# Probability distributions in HIC experiments

We study the relationship between two contigs in a HIC experiments - contig 1 and contig 2, with size $S_1$ and $S_2$, respectively. Our goal is to find out the probability distribution for the number of links between these two contigs, given their distance $D$. We can then compare against the observed number of links to try to infer if the two contigs are linked or not.

This distribution is used in the `partition` procedure in [ALLHIC](https://github.com/tanghaibao/allhic).
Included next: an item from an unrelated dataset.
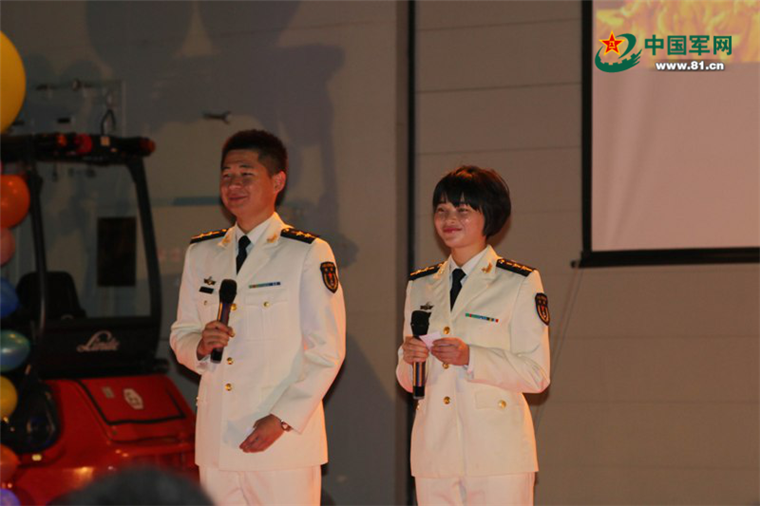 林丽霞(右一)与彭勃峰在主持甲板晚会。赵德衡 摄

If the two contigs are considered close enough, i.e. $Prob(D < threshold) > 0.5$, then we infer the two contigs to be linked. This link graph is then partitioned and distinct partition are then solved independently.
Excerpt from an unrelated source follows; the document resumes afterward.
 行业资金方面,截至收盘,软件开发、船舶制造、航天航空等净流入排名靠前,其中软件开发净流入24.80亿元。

We use the following notations:
- $S_1$, $S_2$: size of contigs 1 and 2.
- $x_1$, $x_2$: start coordinates of contigs 1 and 2. Without loss of generality, we let $x_1 = 0$ and $x_2 > S_2$.
- $D$: inner distance between contigs 1 and 2. We require $D > 0$. By definition, we have $x_1 + S_1 + D = x_2$.

We build our models based on continuous distributions due to the large size of genomic positions. For each paired reads, we first sample the starting position $x$ uniformly on contig 1, that follows a uniform distribution:

$$f(x) = \begin{cases}
            \frac{1}{S_1}, & 0 \leq x \leq S_1 \\
            0, & \text{otherwise}
         \end{cases}
$$

We then consider the length $y$ of this link, that follows a [Pareto distribution](https://en.wikipedia.org/wiki/Pareto_distribution):

$$g(y) = \begin{cases}
            \frac{{\alpha} y_m^{\alpha}}{y^{\alpha + 1}}, & y \geq y_m \\
            0, & y < y_m
         \end{cases}
$$

Where $y_m$ is the smallest link length in the dataset. As a side note, we can use the set of intra-contig links to infer the MLE $\hat{\alpha}$, using the formula below.
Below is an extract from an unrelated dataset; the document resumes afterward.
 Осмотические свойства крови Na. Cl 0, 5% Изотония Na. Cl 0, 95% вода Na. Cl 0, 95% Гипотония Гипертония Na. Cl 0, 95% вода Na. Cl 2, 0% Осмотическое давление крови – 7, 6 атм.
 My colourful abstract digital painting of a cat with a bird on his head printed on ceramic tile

$$\hat{\alpha} = \frac{n}{\sum_{i=1}^{n} \ln{y_i} - \ln{y_m}}
$$

Now let's come back to the problem of trying to infer the ending position $z$ of the read pair, which is the sum of two random variable $Z = X + Y$. Then $z$ is a convolution of two probability distribution - uniform and Pareto.

$$h(z) = \int_{0}^{S_1} f(x) \cdot g(z - x) dx
$$

In order to make $g(z - x)$ nonzero, we need $z - x \geq y_m$, borrowing idea from [here](https://math.stackexchange.com/questions/357672/density-of-sum-of-two-uniform-random-variables-0-1). Therefore, we have $x \leq z - y_m$, also $0 \leq x \leq S_1$. By comparing $z - y_m$ and $S_1$, we then break this down into two cases:

$$h(z) = \begin{cases}
            \frac{{\alpha} y_m^{\alpha}}{S_1} \int_{0}^{z - y_m} \frac{1}{(z - x)^{\alpha + 1}} dx, & z \leq S_1 + y_m \\
            \frac{{\alpha} y_m^{\alpha}}{S_1} \int_{0}^{S_1} \frac{1}{(z - x)^{\alpha + 1}} dx, & z > S_1 + y_m
         \end{cases}
$$

We are mostly interested in the second case, where the ending position occurs after $S_1$, i.e. beyond the extent of contig 1, so that it becomes a inter-contig link, rather than intra-contig link.